The Colorado Council of Churches announced its opposition Monday to Amendment 46, a ballot measure aimed at ending preferential treatment by the state based on individuals’ or groups’ race, sex, color or ethnicity.
The council’s executive director, the Rev. Jim Ryan, said the measure to end affirmative action in college admissions and programs, and in public contracts and employment, is an attack on equal opportunity for Colorado women and people of color.
If Amendment 46 passes, Ryan said, it would, among other things, eliminate science and math tutoring programs for young women and other efforts to close the gender gap in pay.
“Progress has been made in overcoming the effects of centuries of discrimination against women and people of color, but we are not there yet. As people of faith, we feel called to stand with them,” Ryan said in announcing the council’s position.
The stated mission of the council, a coalition of members of a dozen Protestant denominations in Colorado, some liberal and some moderate, is the “manifestation of Christ’s work of reconciliation, a sign of hope to a world divided by the sins of alienation, oppression, racism and pride.”

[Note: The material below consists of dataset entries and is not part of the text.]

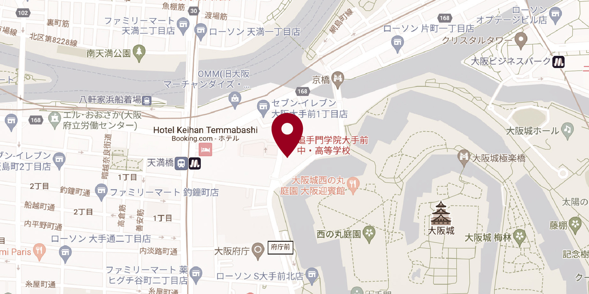 京阪電車「天満橋」駅下車、14番出口より徒歩約5分
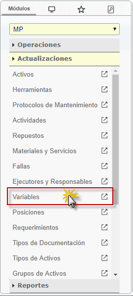 a. Al ingresar en el sistema debemos seleccionar el módulo "MP Mantenimiento Preventivo" y al desplegar la sección de "Actualizaciones" seleccionaremos la opción de Variables.
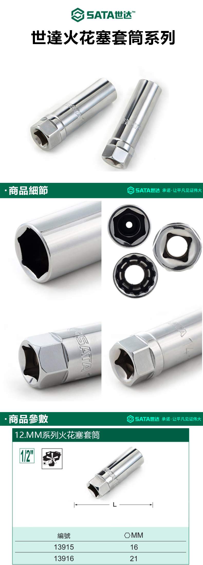 SATA|世達 12.5mm系列火花塞套筒 16mm ST13915SC

Amendment proponent Jessica Peck Corry said the Colorado Civil Rights Initiative Committee seeks equal treatment for all citizens regardless of race or color.
“It doesn’t get much more biblical than that,” said Peck Corry, a policy analyst for the Independence Institute in Golden and a contributor to The Post’s website. “This initiative will not eliminate a single program that is open and available to anyone who needs it. Our goal is to let every kid who wants to go to college achieve that.”
Ryan said there is a gender gap in pay, and laws and programs meant to redress past inequities still have work to do.
According to last year’s study by the American Association of University Women Educational Foundation, one year out of college, women working full time earned only 80 percent of their male colleagues’ pay. The gap worsened after 10 years in the workplace, the foundation said, when the average pay for women was 69 percent of that earned by men in the same positions.
The pro-amendment committee holds that racial and gender preferences have not only harmed better- qualified white and Asian students and candidates but have hurt some Latino and African-American students by placing them in programs for which they were ill-prepared.
The Sacramento, Calif.-based American Civil Rights Coalition, the national movement to end states’ affirmative-action programs founded by Ward Connerly, a prosperous and conservative black Republican, has helped bankroll the local committee.
Electa Draper: 303-954-1276 or edraper@denverpost.com
This article has been corrected in this online archive. Originally, due to a reporting error, it incorrectly described the members of the Colorado Council of Churches. It is a coalition of members of a dozen Protestant denominations in Colorado, some moderate and some liberal.